Anaheim has struggled with knowing the real-time availability of beds for people living on the street, Mayor Ashleigh Aitken said.

That’s why she made the trek to Sacramento on a cold day in early March as part of the Big City Mayors coalition — made up of mayors from California’s 13 largest cities — to advocate for a pair of bills meant to aid cities like hers help those experiencing homelessness.

“We’re looking at what I like to call the hardest but last mile, which is people that have severe mental health and substance abuse disorders,” Aitken, who was joined in Sacramento by the mayors of San Jose, San Francisco and San Diego, said. “Those are the cases that we now see the majority of our population suffering from.”

The number of unsheltered adults suffering from substance use disorders and mental illness in Orange County, according to the latest point-in-time count, has increased from 2019 to 2022.

One of the bills before the Senate this year, that Aitken is advocating for, would create California’s first real-time online database that would collect and display information about available beds for those who are struggling with mental illness and substance abuse disorders.

The data would not be publicly available information; it could only be accessed by entities deemed appropriate, like health care providers, the bill says.

The other bill on the mayors’ radars would expand the scope of “grave disability” — when an individual is unable to provide for themselves food, clothing and shelter due to a mental illness — to include conditions resulting in “substantial risk or serious harm to the physical or mental health of a person due to a mental health disorder or a substance use disorder.”

The new definition of “grave disability” will apply to the standard for conservatorship, in which a third party makes decisions for and takes care of an individual.

Both bills are sponsored by Sen. Susan Talamantes Eggman, a Stockton Democrat, and both recently saw unanimous, bipartisan support in the Senate Health Committee.

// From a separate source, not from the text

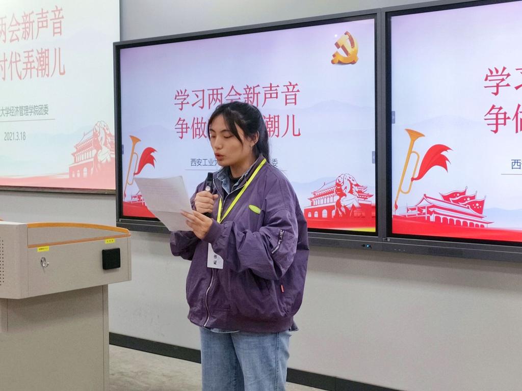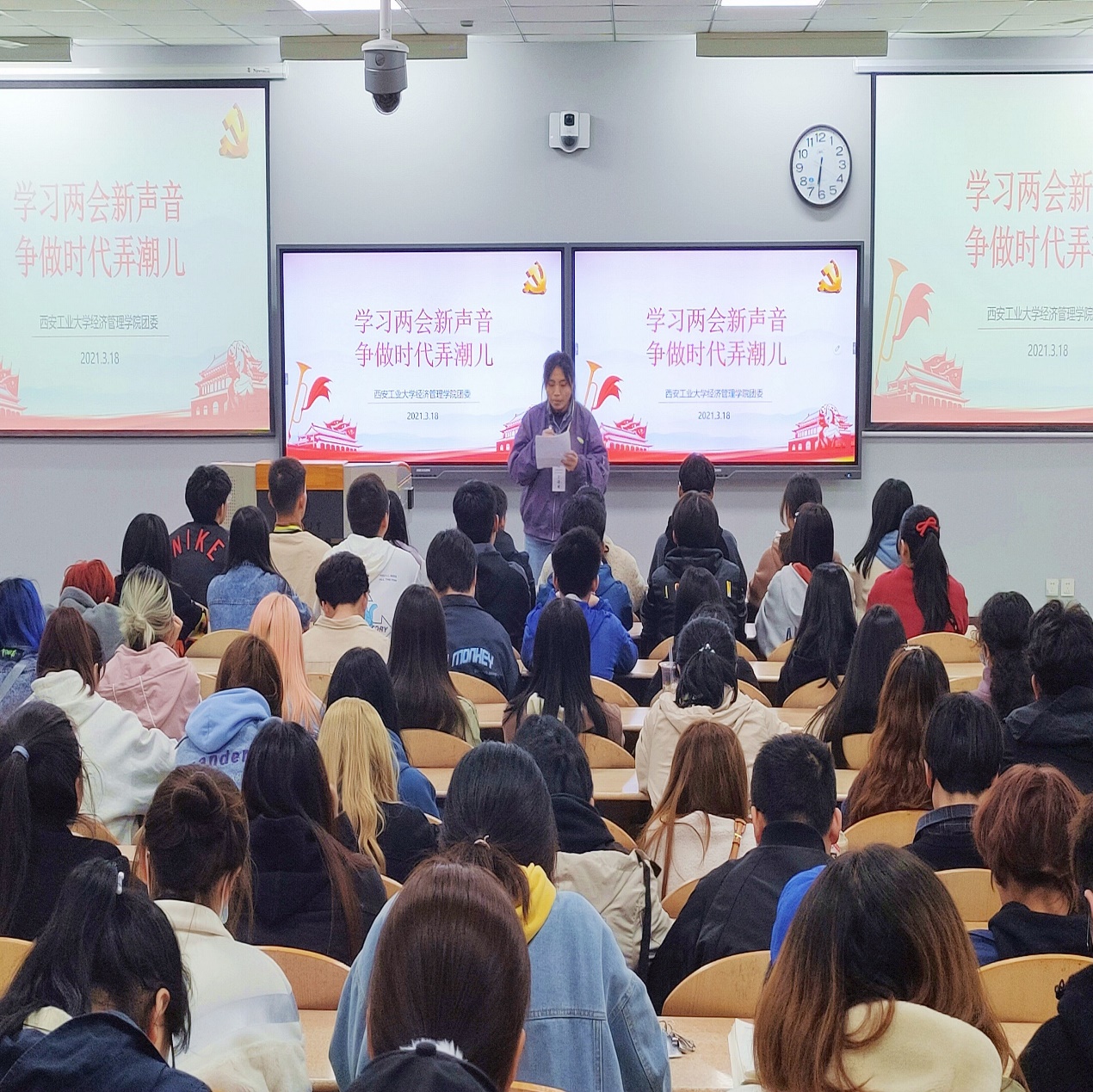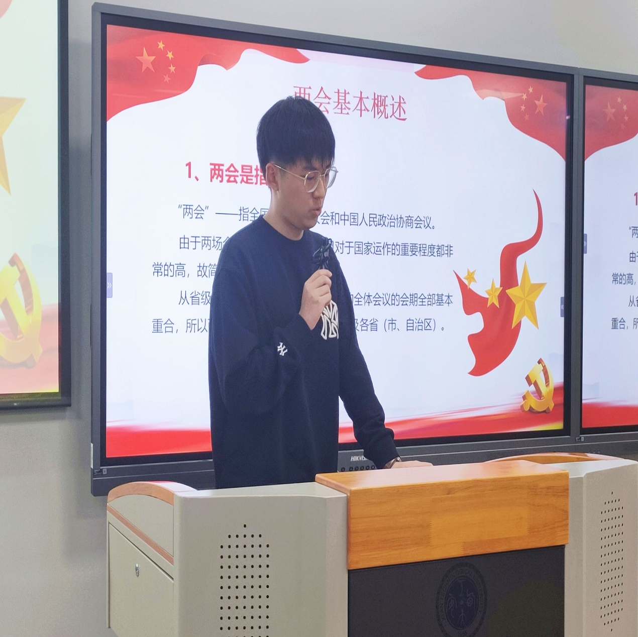 团委在教2-201开展以“学习两会新声音,争做时代弄潮儿”为主题的活动,让两会精神进校园,推动校园精神文明建设。本次活动由康怡主持。

More homeless in OC grapple with substance use, mental illness

In Orange County, about 5,700 people were experiencing homelessness as of May 2022, when the latest point-in-time count was released. Those who are unsheltered, according to the data, experience substance use and mental health issues at a higher rate than those who are sheltered.

And while the number of people experiencing homelessness has gone down since 2019, according to the point-in-time count, the number of unsheltered adults with substance use and mental health issues has gone up by nearly 8% and 3%, respectively.

Anaheim and Irvine are the only two Orange County cities in the Big City Mayors coalition. As of the latest point-in-time count, Anaheim has the highest share of the county’s homeless population with 1,054 people unhoused.

Continued efforts to tackle the issue, like Eggman’s bills, Aitken said, will help Anaheim reduce this number.

“If we have someone who is a good candidate for services, a database would tell us what is available,” Aitken said. “A lot of the nonprofits that we partner with are doing tremendous work out on the streets, and we want to make sure that we are providing them with real-time information.”

“Any time we can move an Anaheim resident off the streets and onto a path to independence, that helps the city, and county, as a whole,” she said.

In Sacramento with the @CABigCityMayors advocating for @SusanEggman bill on conservatorship reform and bed databases. Let’s help family and friends get their loved ones appropriate care. #sb43 #sb363 pic.twitter.com/lWn9e2EHUl

— Mayor Ashleigh Aitken (@AshleighAitken) March 1, 2023

And although she didn’t travel to Sacramento last month, Irvine Mayor Farrah Khan said she is supportive of both bills, maintaining they would help the whole of Orange County.

“We’re looking at getting people with mental health and addiction the help that they need, and those that haven’t been able to access resources because of outdated conservatorship laws (could) now gain that access as well,” Khan said.

Irvine’s homeless population is only a fraction of Anaheim’s — that 2022 point in time count estimated 60 people there were unhoused — but even still, the city is not immune from the crisis, Khan said.

“We need help with making sure that families that are dealing with individuals with mental illness or addiction that have been struggling on their own, to now be able to get help as well,” she said.

Yet, Veronica Kelley, director of mental health and recovery services at OC Health, has some reservations about the pair of bills.

While she is overall supportive of a statewide database that would show current bed openings, she’s opposed to a provision that could levy penalties on a facility if it “fails to submit data accurately or timely, or as otherwise required.”

And expanding the definition of “gravely disabled,” Kelley said, makes it easier for the state to involuntarily detain people.

“It seems like a huge overreach of the state’s powers,” Kelley said. “It also then requires us to be able to serve somebody in a locked facility while they’re on a conservatorship for their substance use disorder. And there is no evidence that locking someone away and forcing them not to use [drugs] has long-term impacts on sobriety.”

But voluntary care doesn’t work in some special cases when someone is suffering from a serious mental emergency and is unable to make decisions for themselves, said Eggman, the bills’ sponsor. Conservatorships are denied or prematurely terminated due to an “antiquated definition” of “grave disability,” she said.

“It’s time to make our laws match the reality that we see,” she said.